1. cuda and cudnn, these are the most difficult points in building the PaddleNLP environment.
2. Paddlepaddle or paddle, in my understanding, these two are the same thing, and the installation method is the same.
3. paddlenlp, the installation of this should be the simplest.

It should be noted that the construction process of paddlenlp is quite complicated, and the installation version requirements of each software or library are strict.
The blogger uses: anaconda3-2022.10-Windows-x86_64 + pycharm-community-2023.2.3 + CUDA11.8 + cuDNN8.9. + paddle2.5.2 + paddlenlp2.6.1.post

Here you can refer to the paddlenlp installation tutorial by suibianshen2012 blogger. It should be possible to follow the steps step by step to correspond to the good version.
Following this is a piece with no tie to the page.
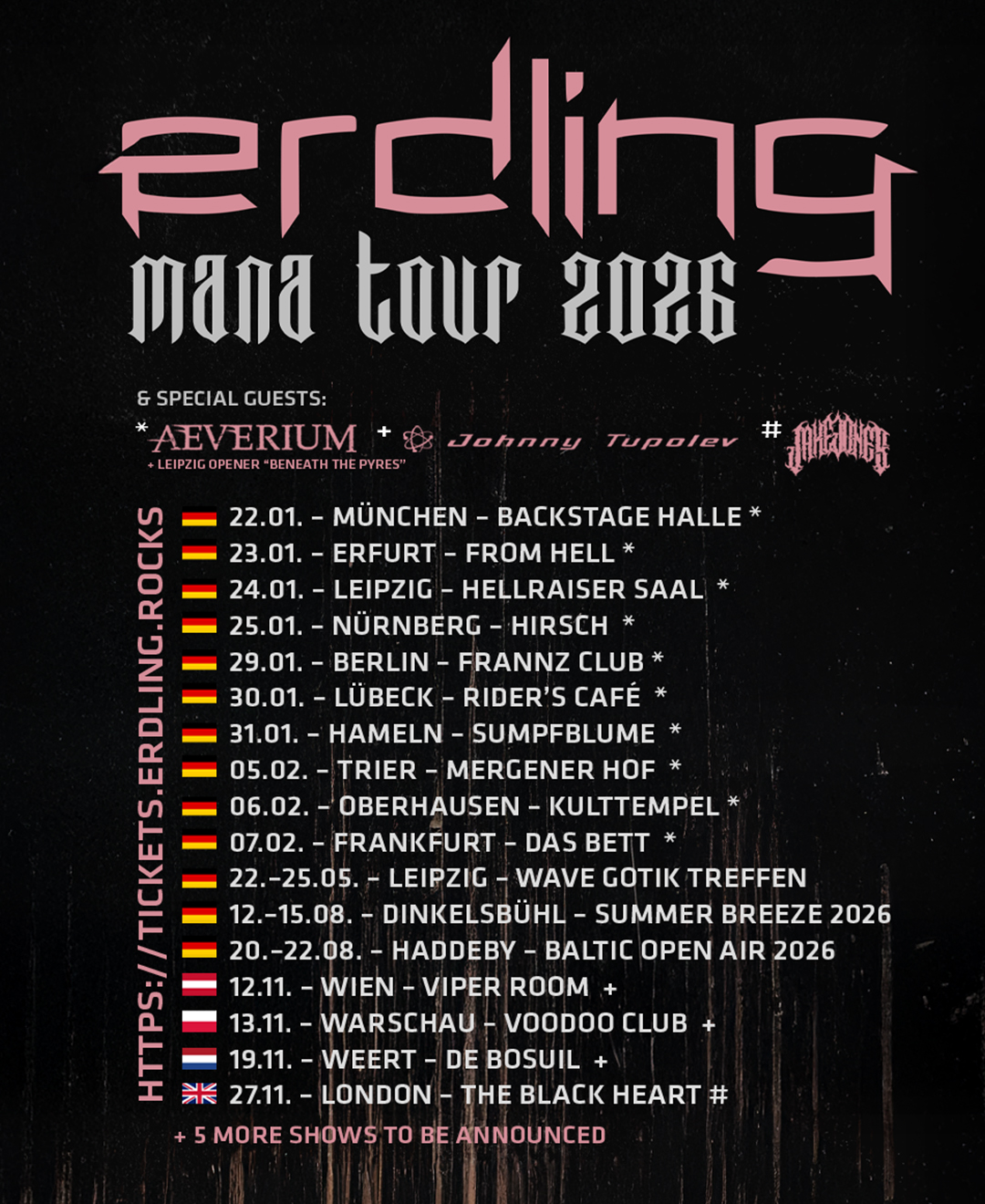 Die NDHler oder Düsterrocker von ERDLING haben letztes Jahr ihr Album „Mana“ veröffentlicht. Ein, wie ich finde, sehr sehr geiles Album und daher auch teil meiner Top 3 2025, auf jeden Fall eines meiner musikalischen Highlights des letzten Jahres. Hier gibt es deutsche Texte mit harten Riffs und pumpenden Beats oder auch gefühlvolle Metal Gothic Balladen.

It is recommended not to choose a version that is too new as it has many bugs.

My problem description

An error occurs when using uie-x-base, uie-m-large, uie-m-base models
The following error occurs when using Taskflow’s uie-x-base, uie-m-large, uie-m-base models, while other models are fine.

Out of memory error on GPU 0. Cannot allocate 70.312500MB memory on GPU 0, 1.999999GB memory has been allocated and available memory is only 0.000000B.

Please check whether there is any other process using GPU 0.

1. If yes, please stop them, or start PaddlePaddle on another GPU.
2. If no, please decrease the batch size of your model.

Cause analysis

An error message shows that the GPU memory is insufficient.

gpt told me that it can be solved by the following method

  1. Check if any other process is using GPU 0. If so, stop these processes and try restarting your model.
  2. If no other processes are using GPU 0, try reducing the model’s batch size. This may help reduce the amount of computation required, thus freeing up more memory.
  3. Check that the model is configured correctly. Make sure your model has the parameters required for training and inference correctly set up. Sometimes, incorrect parameter settings can cause out of memory issues.
  4. Check whether your operating system provides adequate memory management capabilities. For example, some operating systems may allow you to have some control over the memory used by a program while it is running. You can check these options in your operating system’s settings.
  5. If none of the above resolves the issue, you may want to consider upgrading your hardware configuration to better handle larger models.

It cannot be solved after trying, and since we are using the model to directly predict rather than train, it stands to reason that the GPU memory should not be insufficient.

Solution

Modify device_id once

Press Crtl and click on Taskflow to see its constructor.


You can see that if your computer only has cpu or device_id==-1, then cpu will be used for training or prediction. If your computer has gpu and you do not specify device_id, then gpu:0 will be used for training or prediction.

We are using gpu:0 and the error is reported, so you can set the Taskflow parameter device_id to switch to cpu or other gpu to run the program.

After setting the parameters, it can run correctly. Then I removed this parameter and found that it no longer reported an error. magic.